* **GIVEN DATA**

□ □ □ □ □

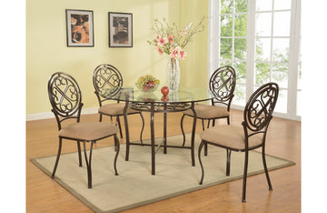 Allecra dining 5 piece set - clear glass table with 4 taupe traditional style side chairs
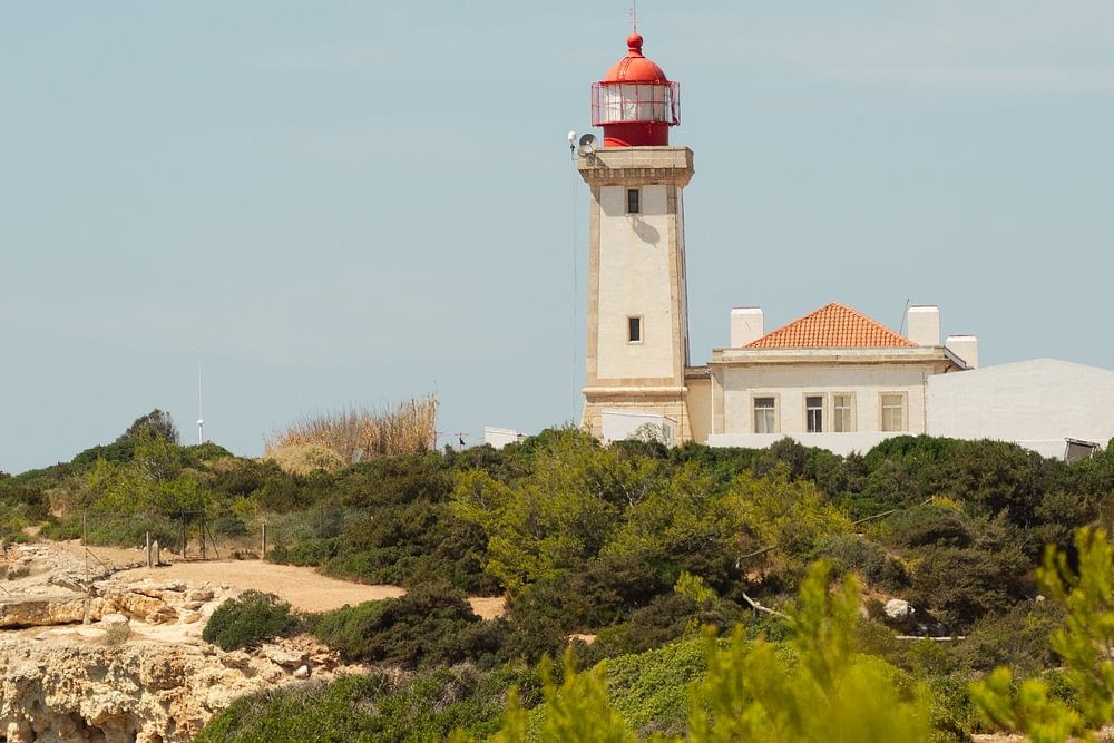Lighthouse in the Algarve in Portugal on the cliffs in the countryside.
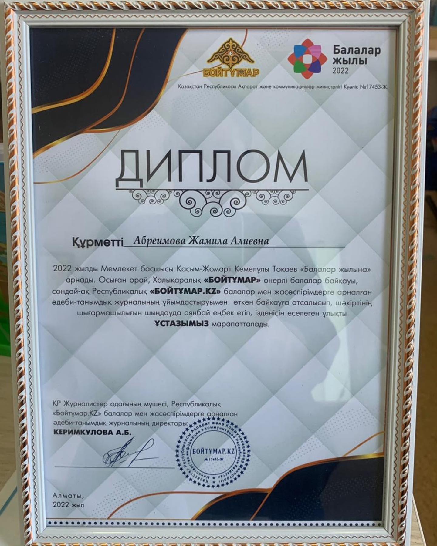 Мектебіміздің 1 "В" сынып оқушысы Ғалымбекқызы Айару 25 қазан Республика күніне арналған Халықаралық "Бойтұмар" өнерлі балалар байқауынан "Бас жүлдені" иеленді. Сынып жетекшісі: Абдреимова Жамила Алиевна
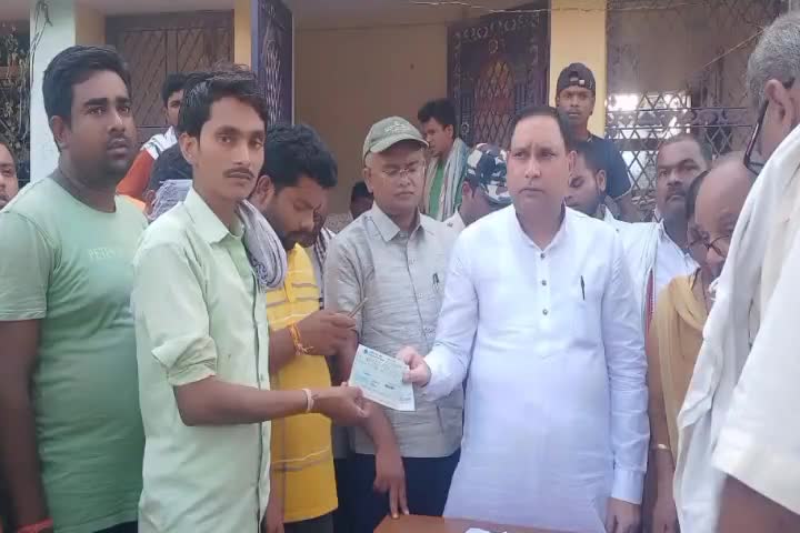 कल्याणपुर: गोपालपुर में विधानसभा उपाध्यक्ष सह स्थानीय विधायक महेश्वर हजारी की उपस्थिति में अग्नि पीड़ितों के बीच अनाज, पॉलिथीन, चेक

□ □ □ □ □

* **WORK TO BE COMPLETED**
The lines to repeat run from the line containing "Lighthouse in the" through the last line of the material above; give them exactly, without the pictures.

* **FINAL ANSWER**
Lighthouse in the Algarve in Portugal on the cliffs in the countryside.
 Мектебіміздің 1 "В" сынып оқушысы Ғалымбекқызы Айару 25 қазан Республика күніне арналған Халықаралық "Бойтұмар" өнерлі балалар байқауынан "Бас жүлдені" иеленді. Сынып жетекшісі: Абдреимова Жамила Алиевна
 कल्याणपुर: गोपालपुर में विधानसभा उपाध्यक्ष सह स्थानीय विधायक महेश्वर हजारी की उपस्थिति में अग्नि पीड़ितों के बीच अनाज, पॉलिथीन, चेक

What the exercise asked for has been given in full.